Step 1. Compute Variable Cost per unit as follows.

Direct Material $390
Direct Labor 340
Variable MOH 78
Variable S & Adm. exp 58
Variable Cost per unit $ 866

Step 2. Compute Fixed cost per unit at anticipated production volume of 3,320 units.

Total cost Budgeted Volume Cost per unit
Fixed manufacturing overhead $1,759,600 3,320 $530
Fixed selling & Adm. expense 584,320 3,320 176
Fixed Cost per unit $706

Step 3. Compute Total cost per unit:

Total cost = Variable cost per unit + Fixed Cost per unit

= $ 866 + $ 706 = $1,572

Step 4. Compute Desired 23% ROI per unit.

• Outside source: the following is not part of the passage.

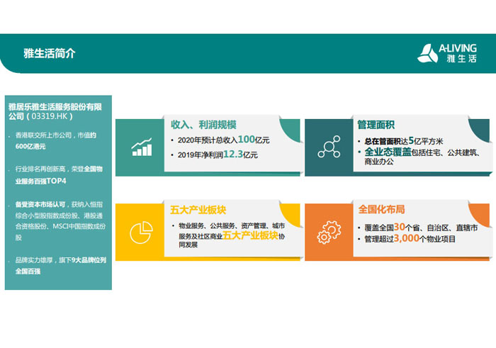 “人是雅居樂關(guān)注的核心,雅居樂不僅要蓋好房子,更希望全方位呵護(hù)業(yè)主的一生。” 2015年,雅居樂集團(tuán)重新定義社區(qū)服務(wù)理念,以聯(lián)動(dòng)發(fā)展模式,整合最優(yōu)質(zhì)的社區(qū)資源,為業(yè)主提供全面的居家生活解決方案。因此,雅居樂集團(tuán)“1+N”多元發(fā)展戰(zhàn)略規(guī)劃下的首個(gè)產(chǎn)業(yè)集團(tuán)——雅生活集團(tuán)應(yīng)運(yùn)而生。目前雅生活集團(tuán)已集結(jié)物業(yè)、科技、旅游、廣告、營銷、驗(yàn)房六大業(yè)務(wù)艦隊(duì)。2018年2月9日,雅生活集團(tuán)正式在香港聯(lián)合交易所主板掛牌上市(股票代碼03319.HK),成為中國首家紅籌分拆H股的物業(yè)服務(wù)企業(yè)。
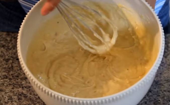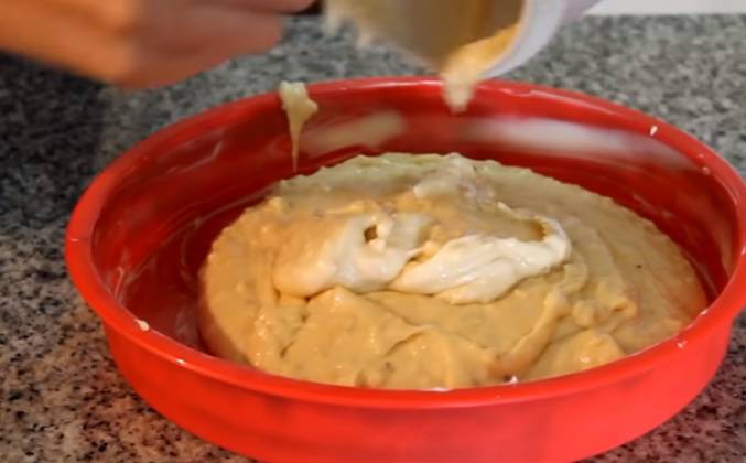 2. Высыпаем орешки и еще раз хорошо перемешали. Теперь постепенно сюда мы будем вводить муку. Консистенция должна быть как густая сметана. Мука у всех разная и будет разное количество. Доводим до ровной консистенции. Такое у нас получилось тесто, достаточно жидкое. Теперь мы берем форму, смазанную сливочным маслом, и сюда его выливаем. Аккуратненько разравниваем.

Total desired Return on investment (ROI) = $52,456,000 \times 0.23 = $12,064,880

Desired ROI per unit = Total desired ROI \div Anticipated Volume

= 12,064,880 \div 3,320 units

= $3,634

Step 5. Setting Target Selling Price as follows

Step 1. Variable cost per unit $ 866
Step 2. Fixes cost per unit $ 706
Step 3. Total Cost per unit $ 1,572
Step 4. Add: desired ROI per unit $ 3,634
Step 5. Target Selling price per unit $,5,206

The total target selling price may be computed by multiplying target selling price per unit with 3,320 units. It is $17,283,920.